There was a wood on his left but he had plenty of room on the right—"acres and acres of grass" as Sandy Herd once said reproachfully to James Braid who had hooked him into a bunker in a big foursome. And then Gene, lashing out with too exuberant confidence and giving his natural hook too much license, saw the ball sail away out of bounds into that wood of black and ominous firs. Stroke and distance penalty; there were two strokes clean gone, never to be recalled, and he lost to Armour by two strokes in the end.
There was Johnnie Farrell, too. Just one hole may be said to have hung a millstone round his neck which he could never unloose. He had begun with 72. His second round had started sufficiently steadily till he came to the long sixth hole, some 520 yards in length. He had two fine wooden club shots and was quite near the green with a clear road to the flag. He could have run the ball along the ground; he could even have putted it, but, as he said to me, "We generally pitch, in America," and he pitched too strongly, ran over into the bunker and took three putts. That was seven instead of a likely four, an easy five. He played with indomitable courage home against the wind, but the three strokes were gone and he finished three behind Tommy Armour.
As to Jurado—well, there was that seventeenth hole which he can never possibly forget. "I'm sorry for the wee man," said my neighbour in the crowd and that was the universal sentiment. No one felt more acutely than his patron and pupil, the Prince of Wales, who had made a night's journey to see the last day's golf and followed Jurado most eagerly. Even now I hardly know how it happened. He discreetly took a No. 3 iron from the tee, lest, with the wind behind he should reach a distant stream, and, by one of golf's little ironies, he put the ball into another bend of the same stream almost in front of his nose. And so I might go on with examples to all eternity, and so it always will be in golf; the two or three strokes that would never have been wasted by a fat old gentleman with a caricature of a swing, have a way of wrecking the greatest golfers in the world.

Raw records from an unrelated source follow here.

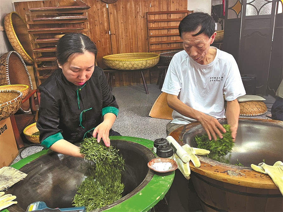 About 1 pm on an early April Friday, at a studio in Tongwu village, one of the planting regions of Longjing (Dragon Well) tea in Hangzhou, East China's Zhejiang province, nine men and a woman were sitting before a shiny steel wok, each with one of their bare hands rhythmically stirring fresh tea leaves that were picked earlier that morning.
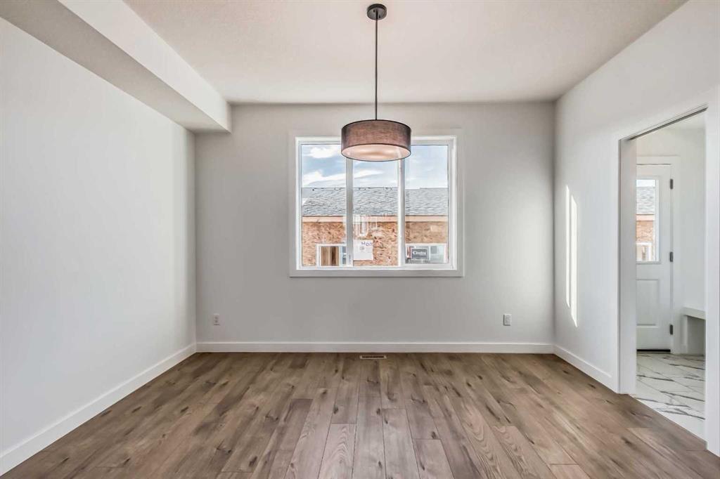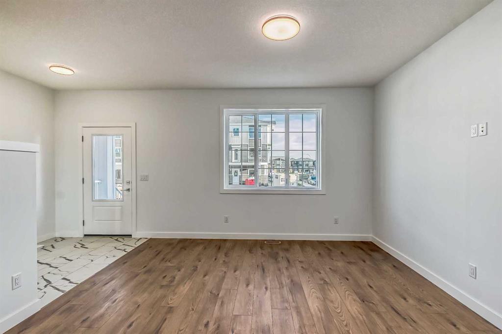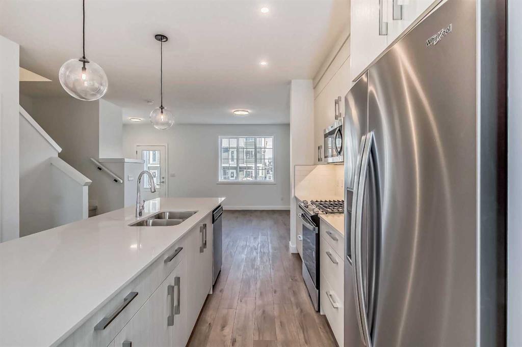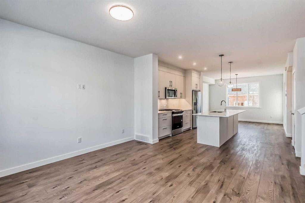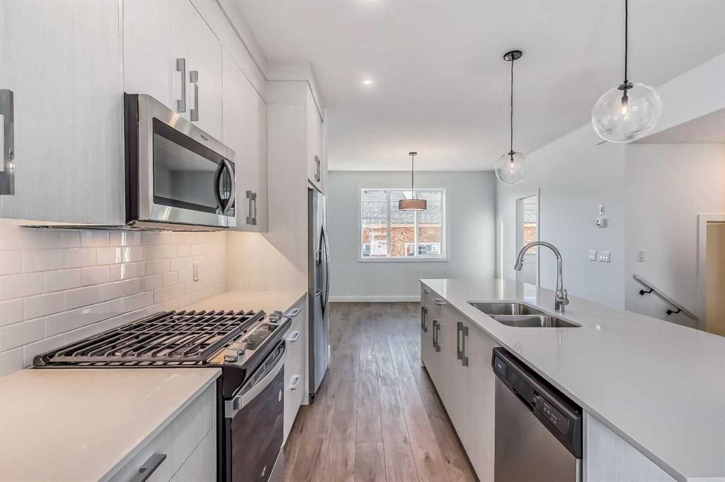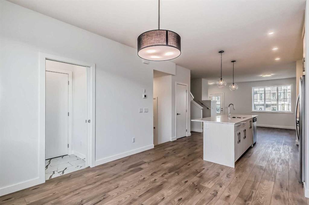 Welcome to the epitome of modern living in the new community of Cornerstone! This newly constructed, two-story townhome offers the ideal blend of style and functionality and NO CONDO FEES. With 3 bedrooms and 2.5 bathrooms, there's ample space for your family to thrive. The main floor offers a spacious and bright layout with abundant natural light. The contemporary kitchen with cream cabinetry, stainless steel appliances (a gas stove!) and a generous island, is perfect for preparing meals and hosting friends and family. Upstairs, you'll find a generous primary suite with a walk-in closet and an ensuite bathroom with double sinks. Two additional bedrooms share a well-appointed full bathroom, and laundry is just down the hall. The basement is unfinished, awaiting your personal touch and offering endless possibilities to fit your lifestyle. A double detached garage will be completed soon, and front landscaping is also included by the builder. Located in a master-planned community, Cornerstone offers a family-friendly atmosphere, proximity to parks and schools, and convenient access to major roadways for easy commuting. Don't miss the opportunity to call this brand-new townhome yours! Your future in Cornerstone begins here. (id:22211)
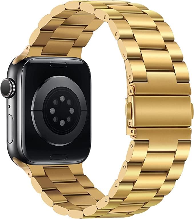 Mobilic - جراب ساعة من الستانليس مع سوار متوافق ابل 44 ملم وساعة اي ووتش السلسة 6-5-4-اس موبايلك ذهبي
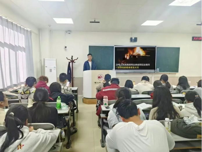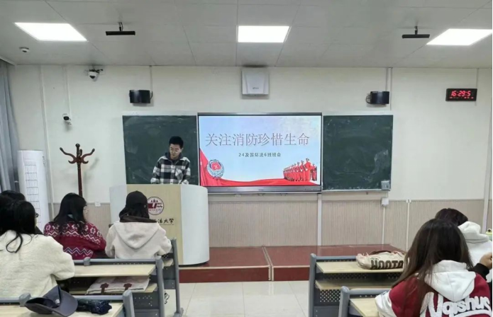 各班班委采用图片、PPT和视频等形式,通过列举案例具体分析了火灾发生的原因,着重讲解了火场逃生指南和灭火器的使用方法,提醒同学们深刻认识到火灾的危害性,增强自我防范、自我保护能力,确保在遇到突发火灾时能够正确应对、有效处置。他们还围绕宿舍消防安全进行了知识科普,呼吁同学们树立良好的防火防灾意识,遵守校园消防安全规章制度,营造安全舒适的学习生活环境。

I suppose it is really ridiculous to use the word "tragedy" in connection with a game. "After all," says Mr. Common-Sense, who is no golfer, or who plays for fun and exercise, "it is only a game and there is nothing, criminal in missing the ball. You are spoiling; the game by taking it too seriously." All that is perfectly true, but it is of no comfort to the man who. wants to win a championship more than anything on earth; all championships seem to me rather tragic and cruel things, even though the losers put smiling masks on their faces, and this was one of the crudest of all. I am sure it was a tragedy for .MacDonald Smith, who was making the supreme effort of a lifetime. Here were all the elements of romance and tragedy combined. He was a born Scot coming back to play on his native heath of Carnoustie in its first championship. He was no longer very young, his chances were growing fewer with the years; he had been so very near so very often; he had settled down on the edge of the links a long time beforehand, had lived laborious days of practice and scorned all other prizes, greater in superficial value but as nothing compared with this one. He had trained himself to the hour and all Carnoustie hearts were with him and now—supposing; he should fail! His first round began dreadfully; he was, after six holes, on the verge of utter failure and by resolute courage and a machine-like power of going on hitting he redeemed himself and finished in 75, three shots behind the leaders but well within range. His second round was neither good nor bad, 77, and now he was five strokes behind, with half his course run and a big spurt was imperatively needed. The big spurt came; he had a grand 71 in the third round and headed all the field, save Jurado who still led by three; and Jurado, was playing as if nothing could go seriously amiss. At worst he must surely make a tie of it. And then, at the supreme crisis, suddenly and surprisingly, he broke and took 5, 6, 5. It was all over. I saw that six—four strokes to hole out, from twenty yards from the flag, with never the ghost of a bunker in the way—and, upon my word, I felt like some ghoul who had deliberately gone out of his way to see a poor trembling wretch in his last moments on the scaffold. I never felt sorrier for any man in my life.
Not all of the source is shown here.